▶ ENTRIES PROVIDED:
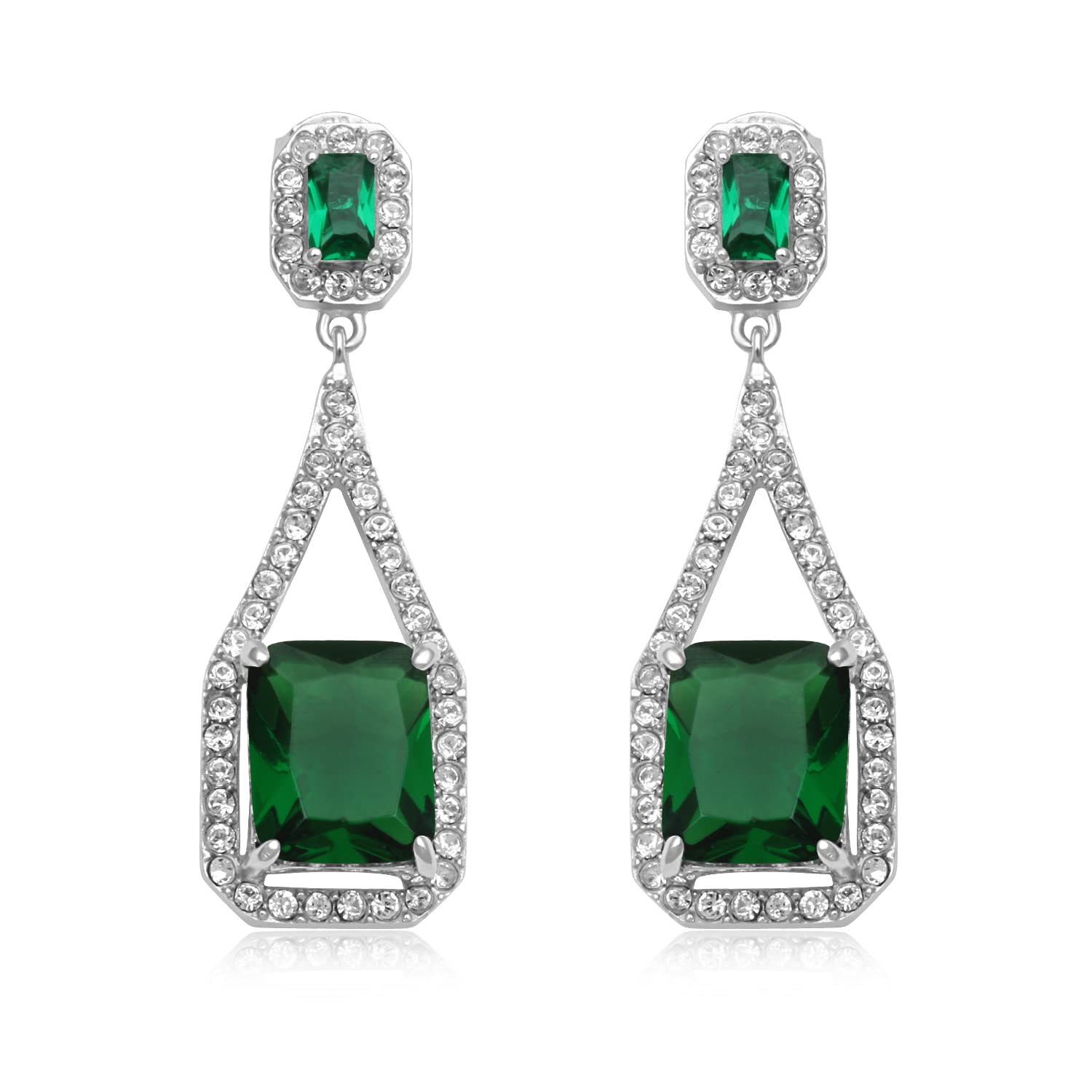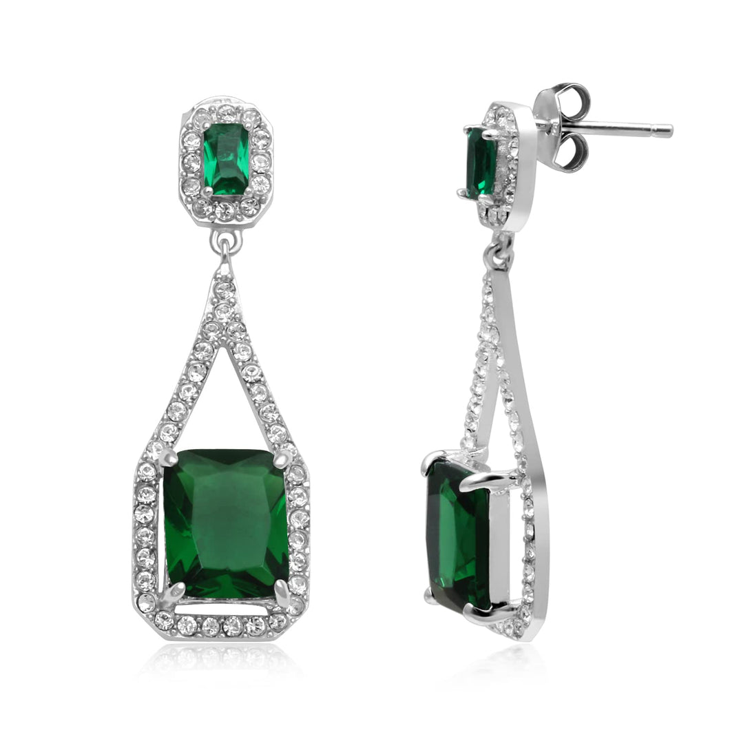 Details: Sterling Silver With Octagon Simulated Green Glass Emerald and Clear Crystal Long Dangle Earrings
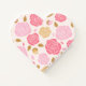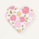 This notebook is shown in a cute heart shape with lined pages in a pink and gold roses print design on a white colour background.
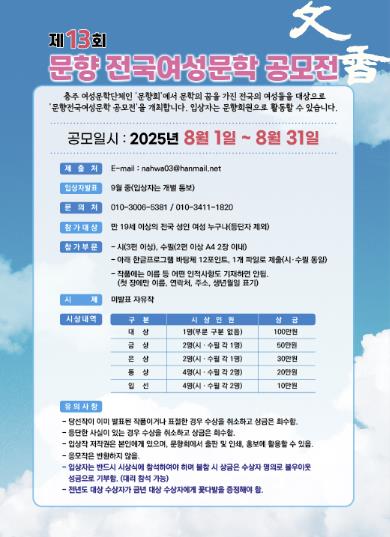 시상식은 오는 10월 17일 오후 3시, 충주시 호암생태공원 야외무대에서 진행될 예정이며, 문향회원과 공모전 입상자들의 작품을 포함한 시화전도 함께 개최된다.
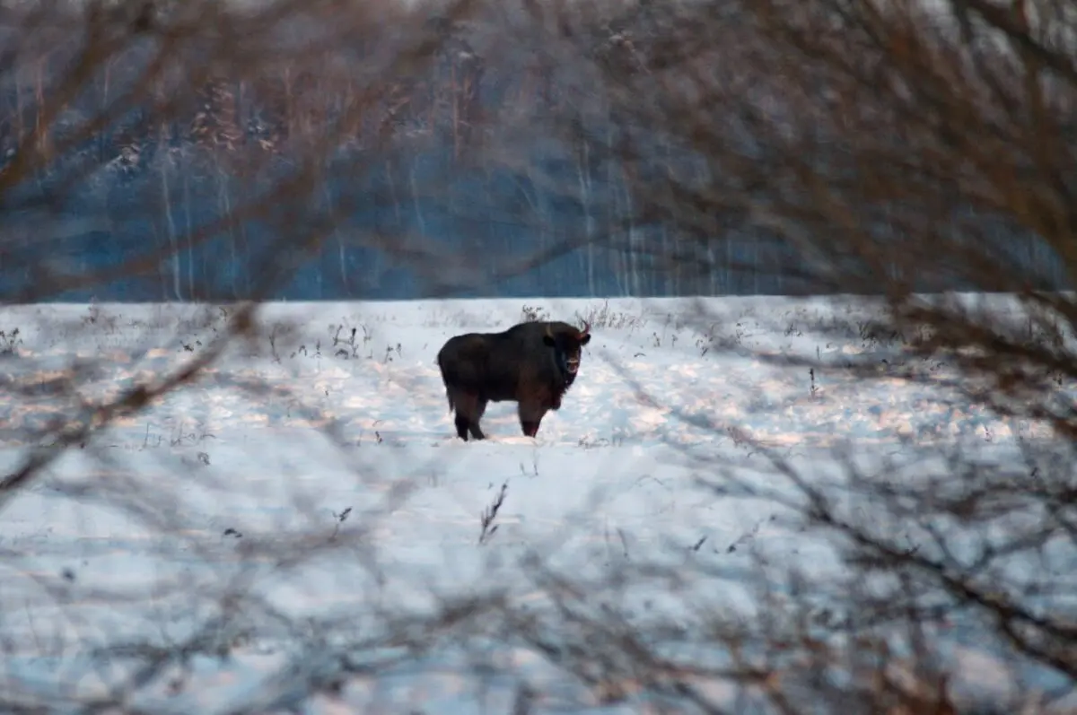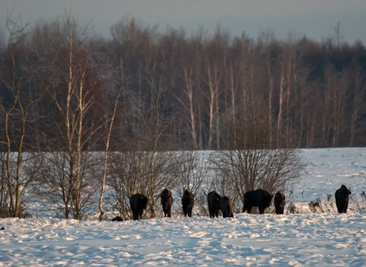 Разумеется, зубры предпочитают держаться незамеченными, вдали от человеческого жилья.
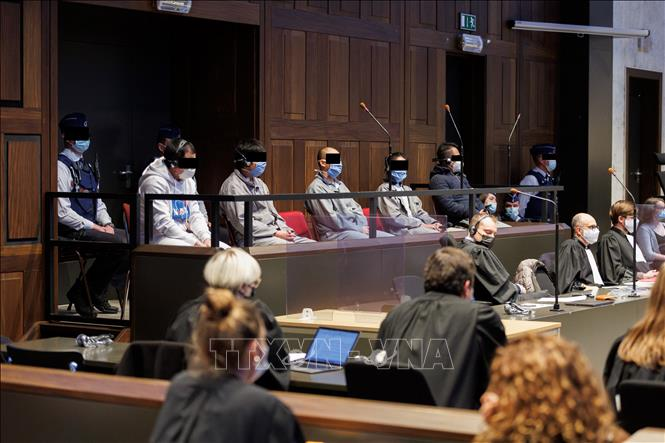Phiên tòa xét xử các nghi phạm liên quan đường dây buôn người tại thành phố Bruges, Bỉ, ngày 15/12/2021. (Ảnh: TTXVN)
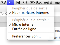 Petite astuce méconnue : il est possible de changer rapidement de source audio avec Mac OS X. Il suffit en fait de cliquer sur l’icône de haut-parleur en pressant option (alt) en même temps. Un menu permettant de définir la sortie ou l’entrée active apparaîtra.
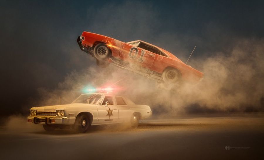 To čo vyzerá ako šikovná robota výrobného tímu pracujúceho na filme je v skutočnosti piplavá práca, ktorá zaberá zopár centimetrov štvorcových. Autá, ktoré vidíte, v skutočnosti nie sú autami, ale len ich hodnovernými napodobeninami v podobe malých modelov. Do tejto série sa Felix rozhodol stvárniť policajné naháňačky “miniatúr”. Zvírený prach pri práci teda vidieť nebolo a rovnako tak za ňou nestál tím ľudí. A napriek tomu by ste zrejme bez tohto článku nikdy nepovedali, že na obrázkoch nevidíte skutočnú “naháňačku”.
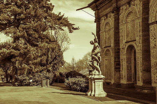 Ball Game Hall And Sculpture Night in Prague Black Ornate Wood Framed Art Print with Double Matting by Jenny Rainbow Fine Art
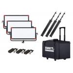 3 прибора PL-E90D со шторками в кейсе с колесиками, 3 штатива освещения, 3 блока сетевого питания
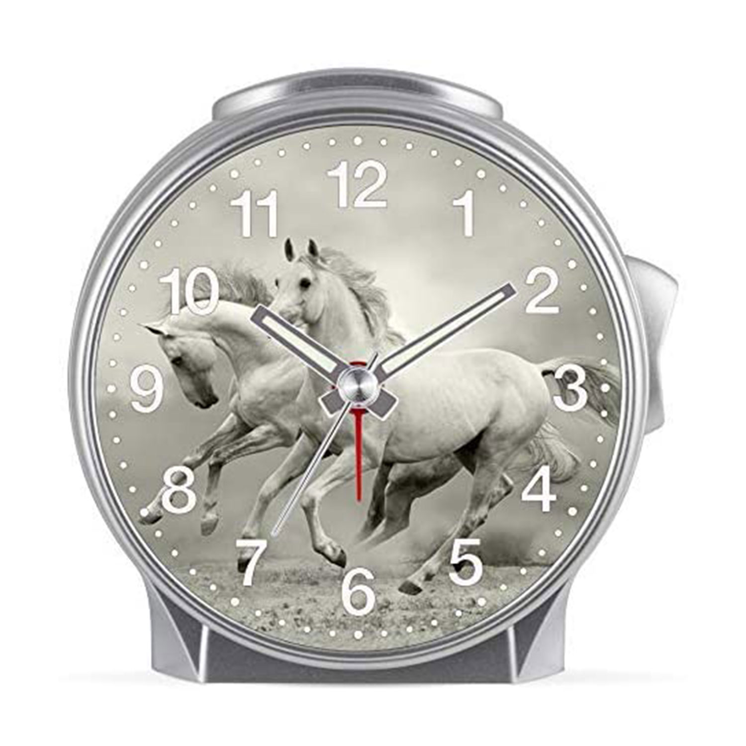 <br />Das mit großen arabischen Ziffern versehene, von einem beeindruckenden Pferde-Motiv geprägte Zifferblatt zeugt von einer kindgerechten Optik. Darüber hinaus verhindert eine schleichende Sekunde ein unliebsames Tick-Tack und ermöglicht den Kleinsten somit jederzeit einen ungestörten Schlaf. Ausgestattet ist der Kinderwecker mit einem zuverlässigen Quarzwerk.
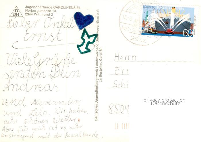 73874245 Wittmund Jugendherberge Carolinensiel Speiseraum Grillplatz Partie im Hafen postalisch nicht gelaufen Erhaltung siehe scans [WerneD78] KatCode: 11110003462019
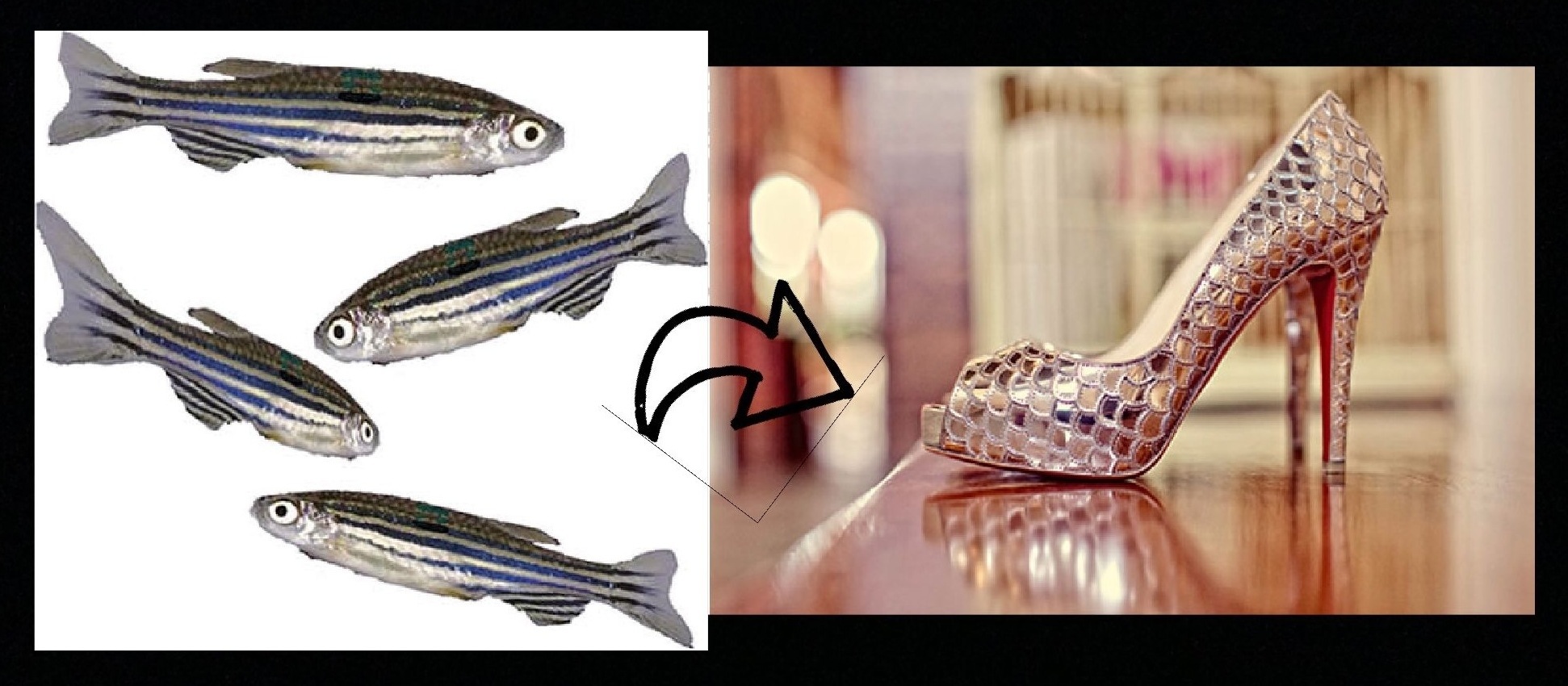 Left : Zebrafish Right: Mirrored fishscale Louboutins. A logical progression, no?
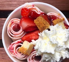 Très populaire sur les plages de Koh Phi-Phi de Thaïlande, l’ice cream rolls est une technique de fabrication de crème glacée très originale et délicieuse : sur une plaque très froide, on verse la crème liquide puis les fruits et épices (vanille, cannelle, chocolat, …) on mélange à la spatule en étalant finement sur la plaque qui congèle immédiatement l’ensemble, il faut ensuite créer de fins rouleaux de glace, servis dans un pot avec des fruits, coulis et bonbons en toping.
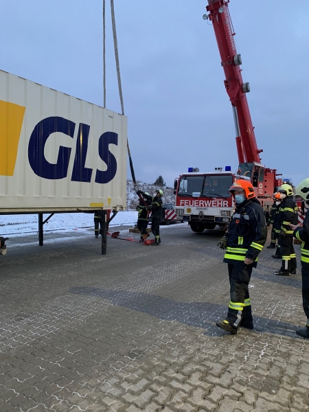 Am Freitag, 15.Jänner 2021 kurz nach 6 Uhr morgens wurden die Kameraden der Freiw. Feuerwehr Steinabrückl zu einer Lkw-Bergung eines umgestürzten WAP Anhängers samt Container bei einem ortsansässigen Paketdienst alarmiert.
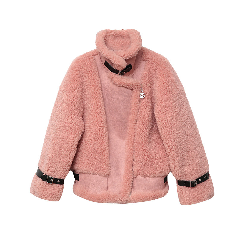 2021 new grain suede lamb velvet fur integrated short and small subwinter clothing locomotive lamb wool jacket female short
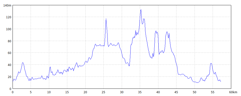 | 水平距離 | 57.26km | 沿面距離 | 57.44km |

▶ PROBLEM TO WORK ON: Retype, exactly and only, the lines from the one containing "Left : Zebrafish" through the end of the entries, both ends included, and omit all pictures.

▶ EXPECTED ANSWER:
 Left : Zebrafish Right: Mirrored fishscale Louboutins. A logical progression, no?
 Très populaire sur les plages de Koh Phi-Phi de Thaïlande, l’ice cream rolls est une technique de fabrication de crème glacée très originale et délicieuse : sur une plaque très froide, on verse la crème liquide puis les fruits et épices (vanille, cannelle, chocolat, …) on mélange à la spatule en étalant finement sur la plaque qui congèle immédiatement l’ensemble, il faut ensuite créer de fins rouleaux de glace, servis dans un pot avec des fruits, coulis et bonbons en toping.
 Am Freitag, 15.Jänner 2021 kurz nach 6 Uhr morgens wurden die Kameraden der Freiw. Feuerwehr Steinabrückl zu einer Lkw-Bergung eines umgestürzten WAP Anhängers samt Container bei einem ortsansässigen Paketdienst alarmiert.
 2021 new grain suede lamb velvet fur integrated short and small subwinter clothing locomotive lamb wool jacket female short
 | 水平距離 | 57.26km | 沿面距離 | 57.44km |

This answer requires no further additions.